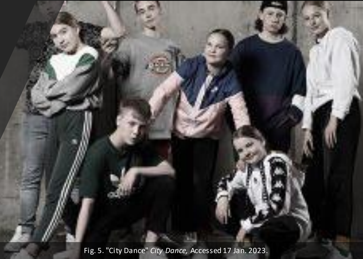
Fig. 5. "City Dance" City Dance , Accessed 17 Jan. 2023.
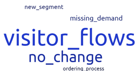
Figure 2 Changes in the behavior of visitors ( n = 120 )

The results show that the majority of respondents (86%, n = 121 ) experienced a significant decrease in the number of visitors compared to the pre-pandemic status. The decrease ranged from 26-50%. This was mainly due to the government restrictions in the form of state border closures (movement restrictions) and lockdown. In addition, two other factors were also evident. Firstly, there was a Change in customer base (Fig. 1) in terms of visitor flows. And secondly, tourism service providers specifically mentioned examples of changes in visitor behavior. These examples were categorized (e.g., Ordering process, New segment, Missing demand). The word cloud (Fig. 2) below shows the frequency of responses (examples) in each category.
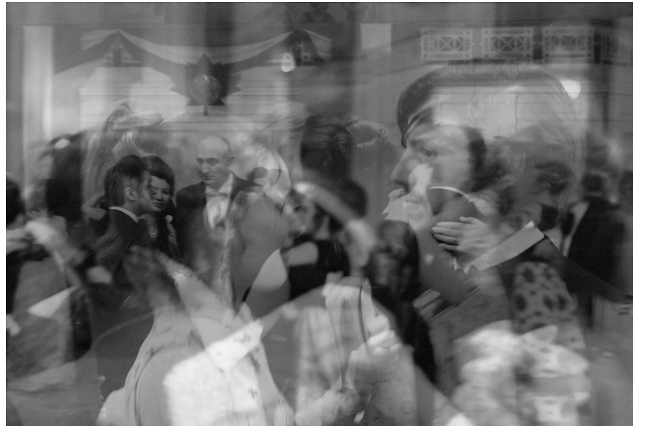
Movement (Simulation of lenticular image interlacing the three images on the left)
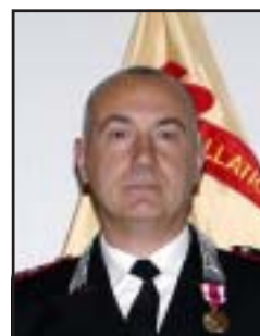
Spolaore Meritorius service medal
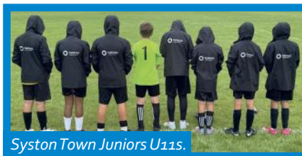
Syston Town Juniors U11s.

team, helping them look the part on the pitch as they continue to represent the village in local leagues.
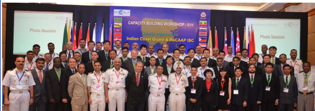
Capacity Building Workshop 5/11 15-17 November 2011, JW Marriott Hotel, Goa, India

OTHER than operational-level Officers from Focal Points and other relevant agencies, participants also included representatives from International Maritime Organization (IMO), Indonesian Maritime Security Coordinating Board (BAKORKAMLA), Malaysian Maritime Enforcement Agency (MMEA), and Indian National Shipping Association (INSA). For the second time, representatives of Djibouti Code of Conduct Information Sharing Centres (DCoC ISCs) located in Dar es Salaam (Tanzania) and Mombassa (Kenya) were observers at CBW 5/11.
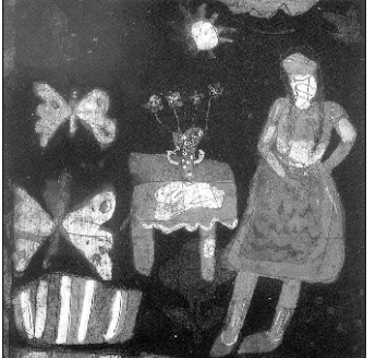
Rokeya Sultana. Laura's world. Etching aquatint
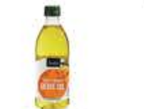
Essential Everyday Olive Oil Extra Virgin, Light Or Pure 17 oz. btl.
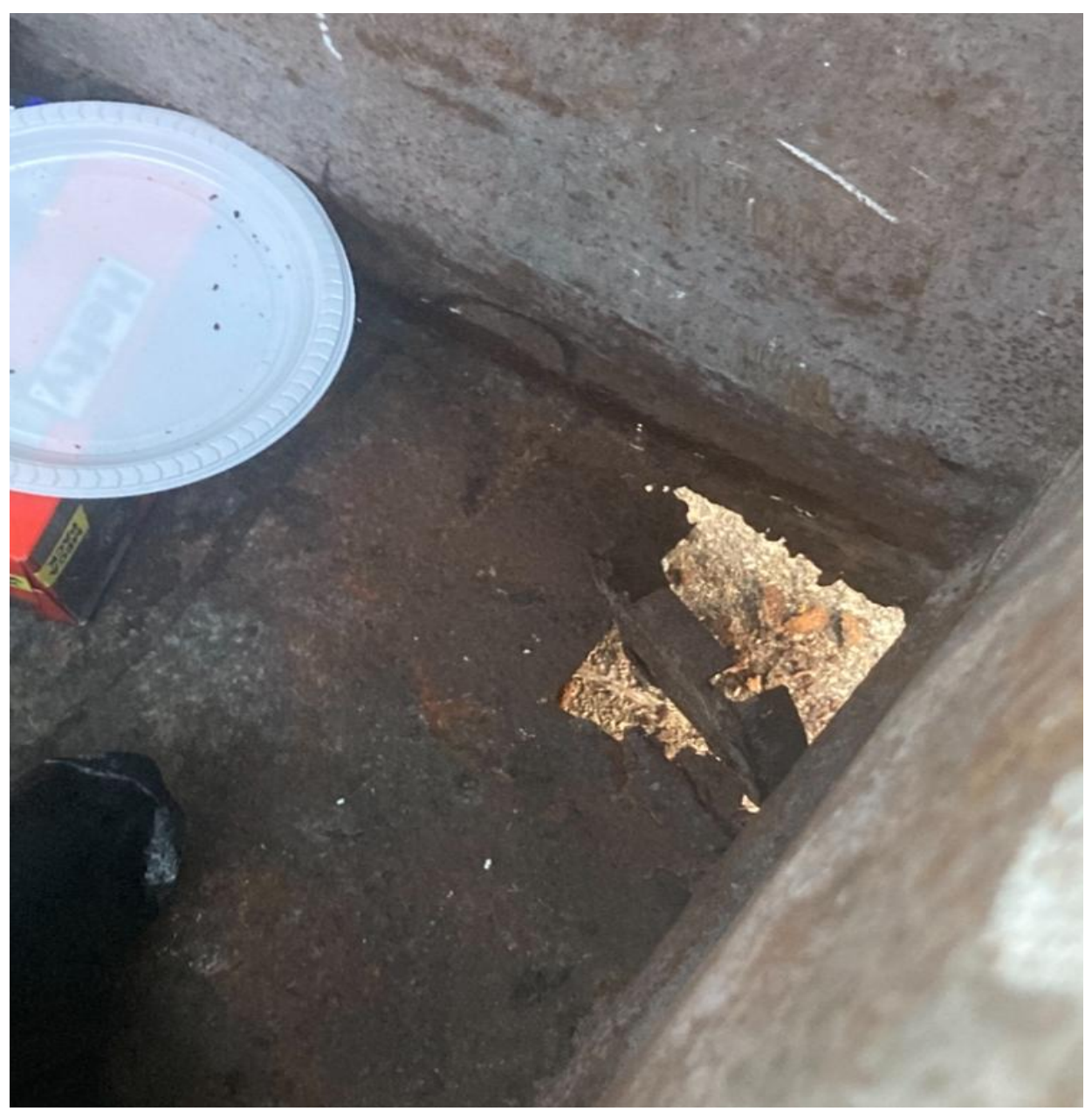
STRATFORD D- BIG HOLE AT THE BOTTOM OF THIS DUMPSTER. A REQUEST FOR REPLACEMENT WAS SENT TO WASTE PRO.
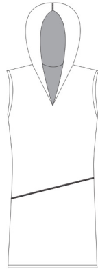
Hooded Sleeveless RTHDSL-BO
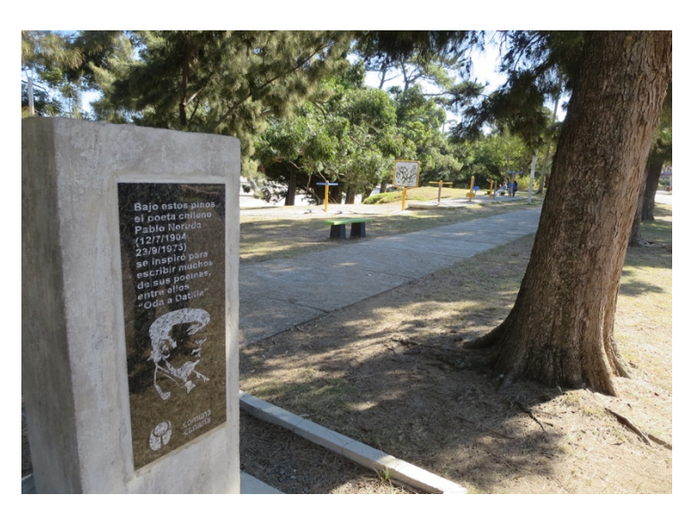
Obelisk dedicated to Neruda in the Comuna Canaria in Atlántida, Uruguay

Bajo estos pinos el poeta chileno Pablo Neruda (12/7/1904 23/9/1973) se inspirió para escribir muchos de sus poemas, entre ellos "Oda a Datitla"

— What you are asked to do —
From the first line of the entries above through the line with "Capacity Building Workshop", set down each line exactly and drop the pictures.

— Answer section —
Fig. 5. "City Dance" City Dance , Accessed 17 Jan. 2023.
Figure 2 Changes in the behavior of visitors ( n = 120 )

The results show that the majority of respondents (86%, n = 121 ) experienced a significant decrease in the number of visitors compared to the pre-pandemic status. The decrease ranged from 26-50%. This was mainly due to the government restrictions in the form of state border closures (movement restrictions) and lockdown. In addition, two other factors were also evident. Firstly, there was a Change in customer base (Fig. 1) in terms of visitor flows. And secondly, tourism service providers specifically mentioned examples of changes in visitor behavior. These examples were categorized (e.g., Ordering process, New segment, Missing demand). The word cloud (Fig. 2) below shows the frequency of responses (examples) in each category.
Movement (Simulation of lenticular image interlacing the three images on the left)
Spolaore Meritorius service medal
Syston Town Juniors U11s.

team, helping them look the part on the pitch as they continue to represent the village in local leagues.
Capacity Building Workshop 5/11 15-17 November 2011, JW Marriott Hotel, Goa, India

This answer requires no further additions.